▶ [What is required]:
Find the line in the material below that contains "Ganga Jamuna border", then give it again, with all later lines, exactly as shown.

** Material supplied follows **

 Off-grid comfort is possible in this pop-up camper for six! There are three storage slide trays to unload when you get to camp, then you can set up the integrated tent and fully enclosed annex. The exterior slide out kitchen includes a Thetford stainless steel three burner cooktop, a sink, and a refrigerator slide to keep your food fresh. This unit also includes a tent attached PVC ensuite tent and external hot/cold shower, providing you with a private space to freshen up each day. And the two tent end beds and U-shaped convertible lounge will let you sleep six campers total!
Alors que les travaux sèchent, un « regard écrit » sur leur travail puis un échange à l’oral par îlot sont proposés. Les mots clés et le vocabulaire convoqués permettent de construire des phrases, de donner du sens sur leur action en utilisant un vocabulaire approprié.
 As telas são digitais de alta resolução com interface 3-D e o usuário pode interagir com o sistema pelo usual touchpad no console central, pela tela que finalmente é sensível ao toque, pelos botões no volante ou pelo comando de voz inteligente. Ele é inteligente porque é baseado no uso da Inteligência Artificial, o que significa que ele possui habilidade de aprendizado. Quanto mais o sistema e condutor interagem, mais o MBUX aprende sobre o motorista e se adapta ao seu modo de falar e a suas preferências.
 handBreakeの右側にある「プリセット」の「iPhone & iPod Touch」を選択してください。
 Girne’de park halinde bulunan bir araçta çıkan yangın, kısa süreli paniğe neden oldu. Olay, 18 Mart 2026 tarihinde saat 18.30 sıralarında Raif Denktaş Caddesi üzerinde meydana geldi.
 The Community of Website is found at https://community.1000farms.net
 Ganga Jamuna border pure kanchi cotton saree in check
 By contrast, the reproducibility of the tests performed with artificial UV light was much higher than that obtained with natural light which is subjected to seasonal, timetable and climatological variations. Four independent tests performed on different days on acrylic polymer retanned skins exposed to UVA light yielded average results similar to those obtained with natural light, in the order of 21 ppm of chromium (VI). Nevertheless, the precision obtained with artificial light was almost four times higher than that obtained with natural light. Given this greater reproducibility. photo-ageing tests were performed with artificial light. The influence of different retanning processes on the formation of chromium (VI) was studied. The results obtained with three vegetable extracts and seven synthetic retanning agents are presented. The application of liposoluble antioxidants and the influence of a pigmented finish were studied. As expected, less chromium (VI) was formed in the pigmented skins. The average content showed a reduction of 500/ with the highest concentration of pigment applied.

** End of Material supplied **

▶ [Answer to this problem]:
 Ganga Jamuna border pure kanchi cotton saree in check
 By contrast, the reproducibility of the tests performed with artificial UV light was much higher than that obtained with natural light which is subjected to seasonal, timetable and climatological variations. Four independent tests performed on different days on acrylic polymer retanned skins exposed to UVA light yielded average results similar to those obtained with natural light, in the order of 21 ppm of chromium (VI). Nevertheless, the precision obtained with artificial light was almost four times higher than that obtained with natural light. Given this greater reproducibility. photo-ageing tests were performed with artificial light. The influence of different retanning processes on the formation of chromium (VI) was studied. The results obtained with three vegetable extracts and seven synthetic retanning agents are presented. The application of liposoluble antioxidants and the influence of a pigmented finish were studied. As expected, less chromium (VI) was formed in the pigmented skins. The average content showed a reduction of 500/ with the highest concentration of pigment applied.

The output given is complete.